Yakima Valley Memorial may merge with Tacoma-based MultiCare Health System
More changes could be ahead for the area’s health providers as Yakima Valley Memorial officials announced Monday that they have signed a letter of intent to explore joining the MultiCare Health System.
In a news release, Memorial officials said the two organizations will conduct a due diligence process over the next two months to determine if the merger would advance both organizations’ missions, expand local access to health care and improve the quality of care for the Yakima Valley community.
“Over the past two years, Memorial has successfully navigated the closure of Astria, the challenges of the COVID-19 pandemic and an increasingly costly and complex health care environment,” Memorial CEO Carole Peet said. “We are now evaluating a new strategy to guarantee continued access to outstanding local health care for our community for decades to come.”
Memorial and MultiCare have a shared goal of ensuring that high-quality health care remains locally accessible, the news release stated.
“Joining MultiCare would allow Memorial to accelerate its ability to invest in new programs; implement an integrated electronic health record; and provide a sustainable future for Yakima’s only hospital,” the news release stated.
Memorial officials believe joining MultiCare strengthens YVM’s role as the leading health care hub in Central Washington.
Headquartered in Tacoma, MultiCare is a not-for-profit, secular health care system established in 1882. It is the largest locally owned health system in the state, and its network of care includes 11 hospitals and hundreds of clinics in both the Puget Sound and Inland Northwest region.
The potential relationship would build upon a 2021 partnership between the two organizations to help expand oncology services in Yakima County, the news release stated.
“The successful, ongoing partnership MultiCare has formed with Memorial in relation to oncology services – as well as similar partnerships with other health care organizations over the years – demonstrate MultiCare’s strong commitment to creating local health care hubs that serve residents close to home,” the Yakima hospital’s news release stated.
“Exploring this relationship is in line with MultiCare’s mission of partnering for healing and a healthy future,” said Bill Robertson, CEO of MultiCare. “We believe that it is of critical importance for communities across our region to have access to the health care they need, in those communities.
“I’m hopeful that our two organizations will find ways to work together to ensure that patients and their families in the Yakima Valley have access to a full complement of services close to home for many years to come,” Robertson added.
The letter of intent announced Monday begins a two-month period for both organizations to share information to determine if they are strategically and operationally aligned. At the end of this period, Memorial and MultiCare will announce their decision.
Yakima Valley Memorial is a health care system that includes Yakima’s only acute-care center, a 226-bed, nonprofit, community hospital serving Central Washington’s Yakima Valley.

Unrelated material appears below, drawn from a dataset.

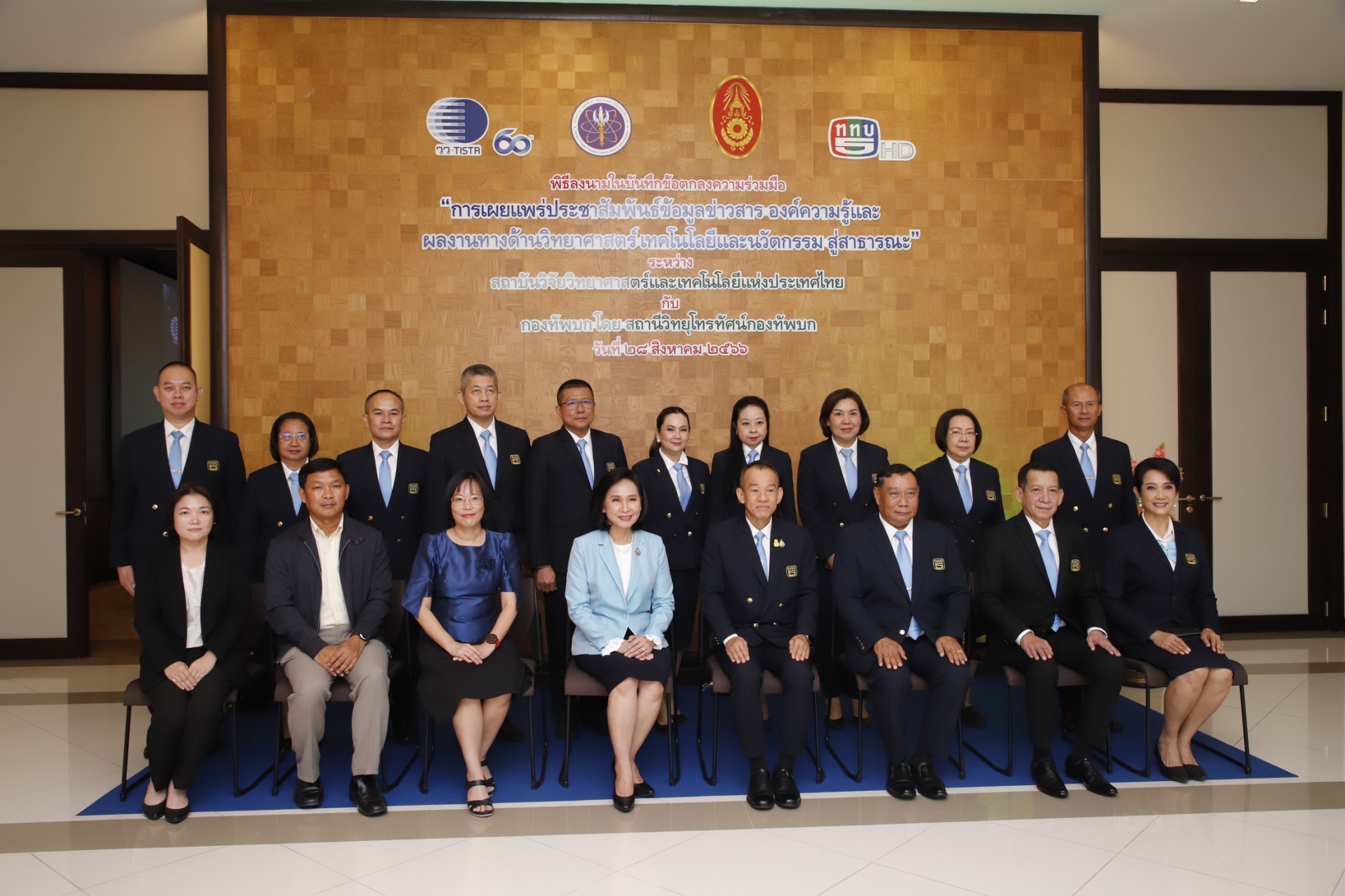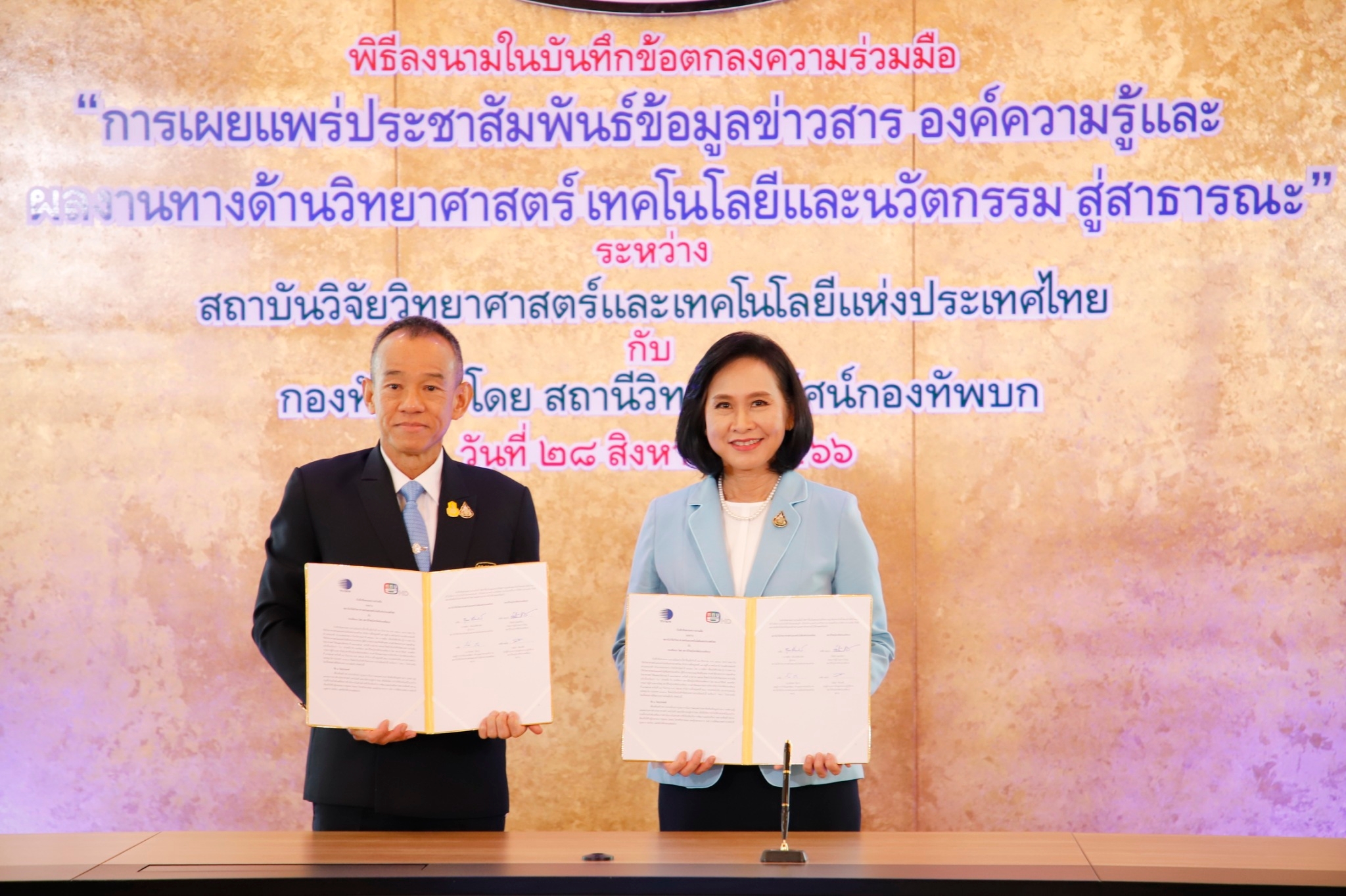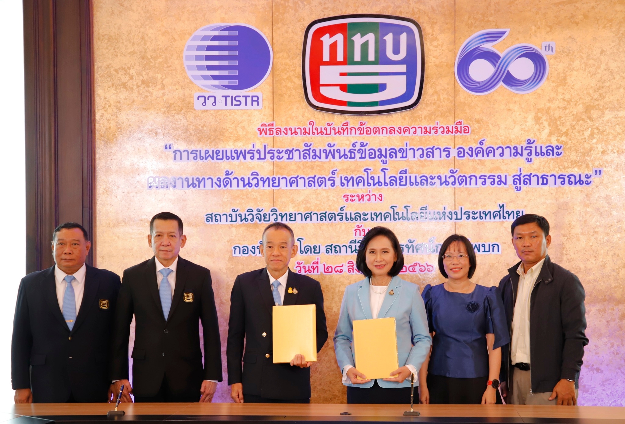ดร.ชุติมา  เอี่ยมโชติชวลิต  ผู้ว่าการ   สถาบันวิจัยวิทยาศาสตร์และเทคโนโลยีแห่งประเทศไทย (วว.) กระทรวงการอุดมศึกษา วิทยาศาสตร์ วิจัยและนวัตกรรม   (อว.)   ลงนามความร่วมมือกับ  พลเอกวิสันติ   สระศรีดา   กรรมการผู้อำนวยการใหญ่  สถานีวิทยุโทรทัศน์กองทัพบก  ช่อง  5   ในฐานะตัวแทนกองทัพบก  เพื่อเสริมสร้างความร่วมมืออย่างบูรณาการในการเผยแพร่ประชาสัมพันธ์ข้อมูลข่าวสาร องค์ความรู้และผลงานทางด้านวิทยาศาสตร์ เทคโนโลยีและนวัตกรรม (วทน.) เพื่อให้เกิดการนำไปใช้ประโยชน์ในวงกว้าง รวมทั้งร่วมกันขับเคลื่อนการดำเนินงานในด้านต่างๆ ที่เกี่ยวข้องกับการพัฒนาและส่งเสริมการตลาด  สร้างความเข้มแข็งให้กับผู้ประกอบการ ชุมชน โอทอป วิสาหกิจรายย่อย และผู้ประกอบการ SMEs  ภายใต้ขอบเขตอำนาจหน้าที่ กฎหมาย ระเบียบ และข้อบังคับของแต่ละฝ่าย  โดยมีระยะเวลาความร่วมมือ 3 ปี  โอกาสนี้ ดร.โศรดา  วัลภา  รองผู้ว่าการวิจัยและพัฒนาด้านอุตสาหกรรมชีวภาพ   วว.  พลโทวสันต์   ทัพวงศ์  และ นางสาวทวินันท์  คงคราญ   รองผู้อำนวยการใหญ่  สายงานปฏิบัติการ  ททบ. 5   พร้อมผู้บริหาร  บุคลากร  ทั้งสองหน่วยงานร่วมเป็นเกียรติ  ในวันที่  28  สิงหาคม  2566  ณ  ห้องประชุม ชั้น 19  อาคารเบญจรังสฤษฏ์  ททบ. 5  สนามเป้า

Yakima Valley Memorial ended a four-year affiliation with the Virginia Mason Health System in late 2020, opting to become an independent, local health care system. The move came as Virginia Mason merged with CHI Franciscan.
MultiCare has been involved with other health care organizations in the Yakima Valley.
MultiCare previously assisted Astria Health with a $75 million loan to help the organization out of bankruptcy. Astria, which closed Regional hospital in Yakima in January 2020, operates hospitals in Toppenish and Sunnyside.
MultiCare also has a partnership with Pacific Northwest University of Health Sciences in Yakima, and pledged $8 million to expand the campus in 2021.